Once again, the argument is that the law racially discriminates against them in violation of the Equal Protection Clause—because they are white.
For two hundred years, the Supreme Court has determined that classifications based on tribal affiliation are political—not racial—in deference to Congress’s unique obligation toward the Indians under the Commerce Clause, among other laws. That precedent is at risk of winding up in the wastebin. Texas argues that Congress violated the Tenth Amendment’s respect for states’ rights by “forcing” state courts “to effectively amend” or “rewrite the substantive standards” in state child welfare cases. So if the plaintiffs win, the ruling would also mean that a state—here, Texas—can go to court to override the federal government regarding a statutory program designed to respect tribal sovereignty.
And it’s not hard to imagine the tsunami of cases that would follow if the Court greenlights state lawsuits against federal policies that impact the states. Yowza.
Brackeen is not alone in positioning the Court this term to deflate the constitutional power of the federal government in favor of the states—this time, the U.S. president and the Congress.

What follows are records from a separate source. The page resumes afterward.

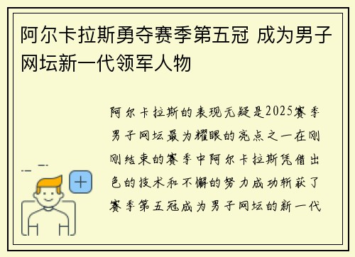 阿尔卡拉斯的表现无疑是2025赛季男子网坛最为耀眼的亮点之一。在刚刚结束的赛季中,阿尔卡拉斯凭借出色的技术和不懈的努力,成功斩获了赛季第五冠,成为男子网坛的新一代领军人物。本文将从四个方面详细探讨阿尔...
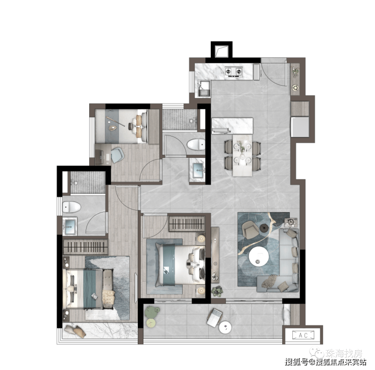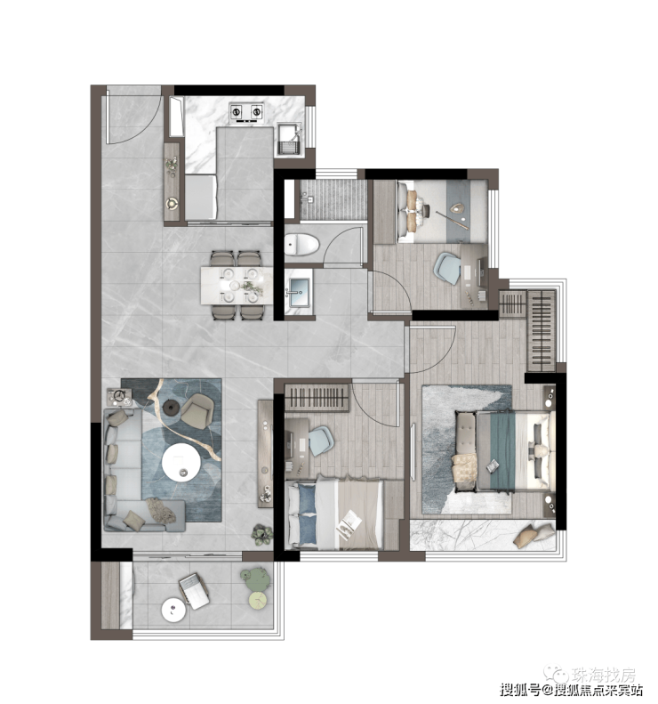 「建筑面积约76㎡丨三房两厅一卫」
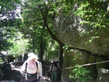 | 奥にある鳥居 | りっぱな橋を渡る | 雌岳の岩峰が見えてきた |
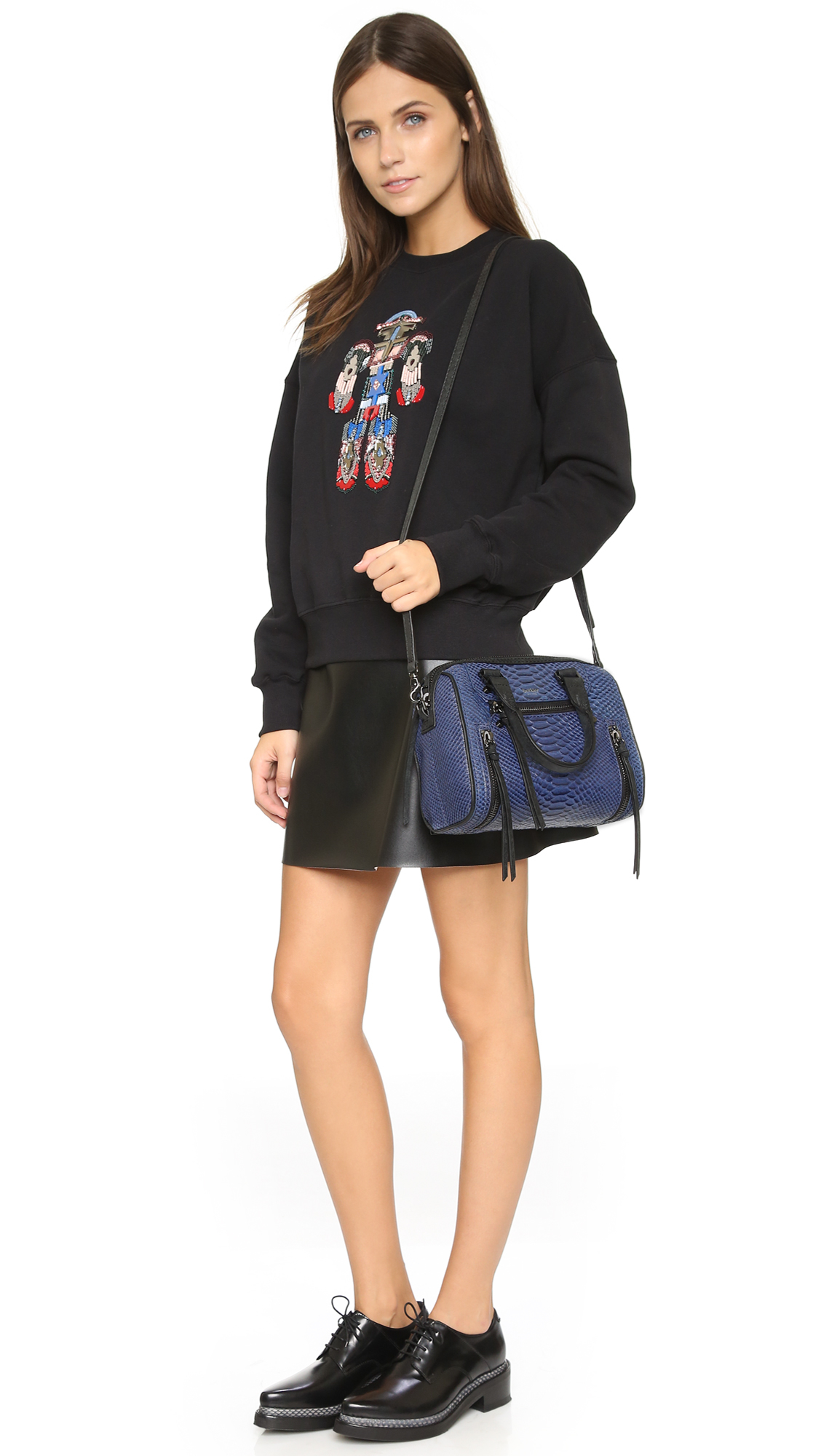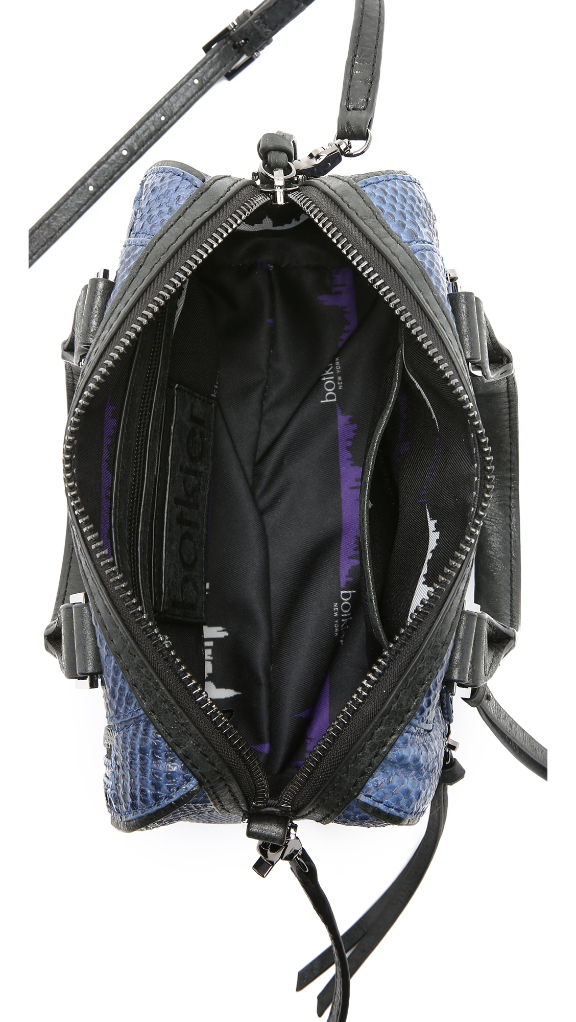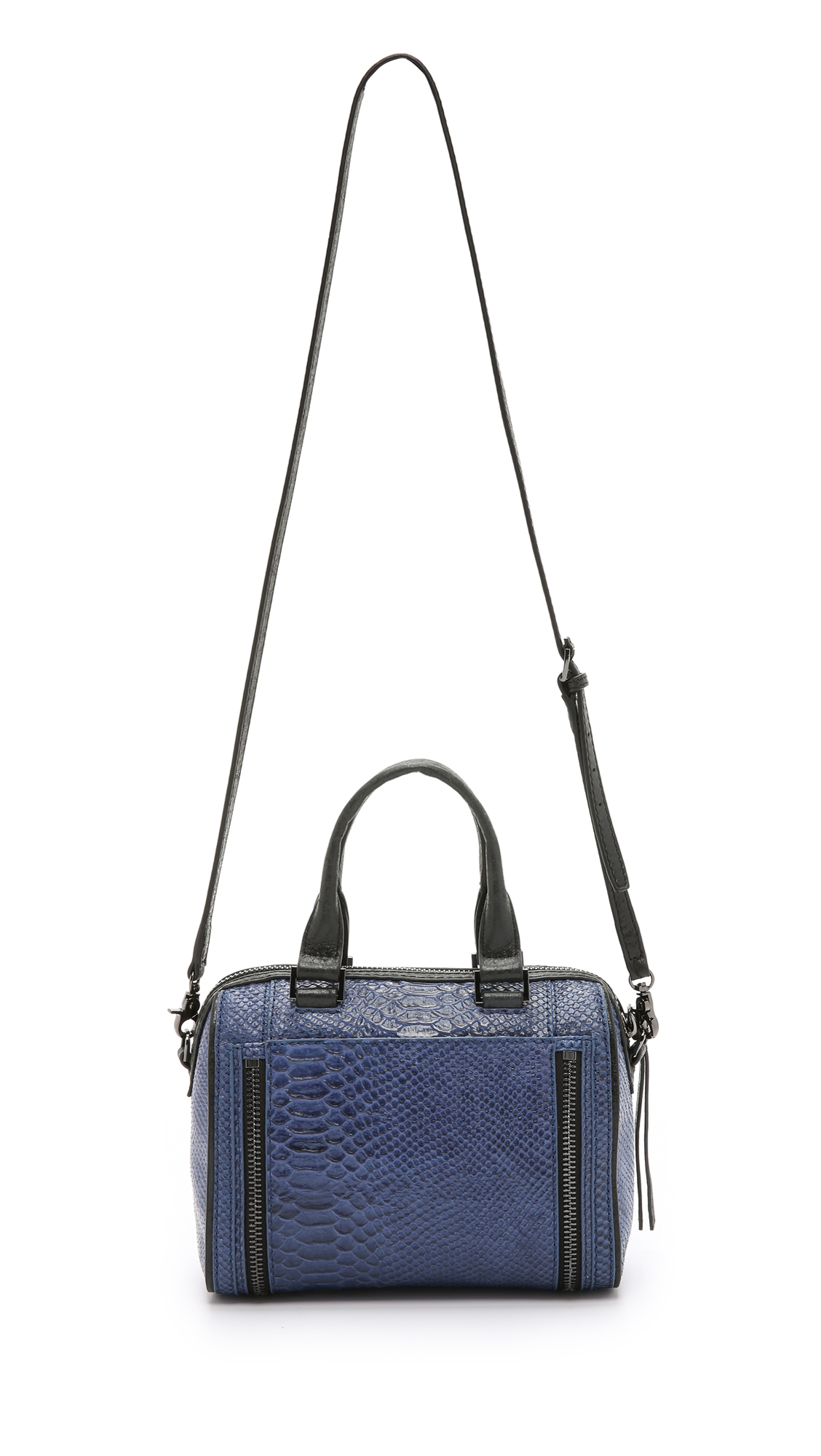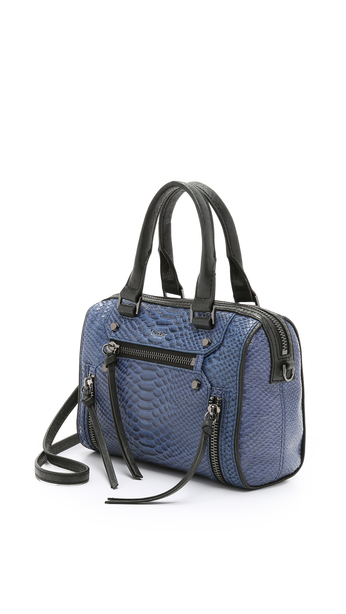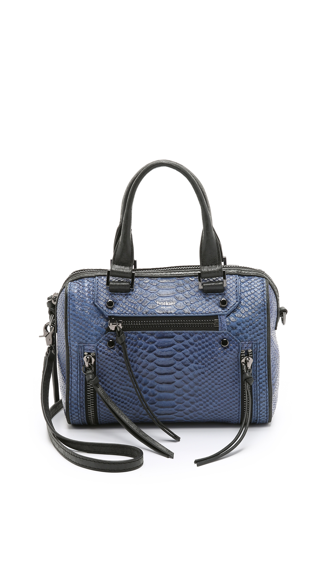 Go to ShopbopPython-embossed leather gives exotic appeal to this mid-sized Botkier satchel. Wraparound zips accent both sides, and a zip pocket details the front. The main zip opens a lined interior with 3 pockets, 2 card slots, and a pen loop. Double rolled handles and optional, adjustable strap. Leather: Cowhide. Weight: 27oz / 0.77kg. Imported, China. Measurements Height: 7.75in / 20cm Length: 9.75in / 25cm Depth: 4.25in / 11cm Strap drop: 21.75in / 55.5cm Handle drop: 4.75in / 12cm. Colour: blue

In September 2021, the Biden administration issued guidelines through the Department of Homeland Security that set priorities for deciding which immigrants should be arrested and deported on grounds of “national security, public safety, and border security.” They also gave Immigration and Customs Enforcement agents broad case-by-case discretion to decide whether to make individual arrests. This is the exercise of core law enforcement authority. Article II of the Constitution gives the president the authority to execute the laws passed by Congress, which handed the executive branch broad enforcement discretion under the Immigration and Nationality Act.
Texas and Louisiana filed suit to block the guidelines, which they say allow criminals to roam free within their borders, forcing the states to foot the bill in law-enforcement and other social-services costs. In June, the Court (in another shadow docket ruling) granted an emergency motion blocking the guidelines.
If the states win this one, they’ll basically have the power to usurp presidential discretion on immigration policy by going into court and seeking injunctions upsetting how the executive branch operates. It would also be a huge blow to the president’s power to enforce federal immigration law. The states’ position ignores language in the statute that gives the president this discretion, so it’s another delicate power dance—if the Court intervenes, it would be making itself the boss of the president and Congress when it comes to the president’s core prerogative—one that in 2017 prompted several of the same justices to uphold Donald Trump’s controversial immigrant travel ban even if unconstitutionally discriminatory, on the rationale that the law “exudes deference to the President in every clause.”
Alas, the conservative justices on this Court have already shown their hand. They don’t care about precedent, let alone intellectual integrity. As a result, Americans may be in for a rude awakening.
Indeed, perhaps it’s time to retire the label “conservative” when referring to the majority of this Court. Each term gives further evidence of its decidedly unconstrained unconservatism. And the future of our precious Constitution is in their hands.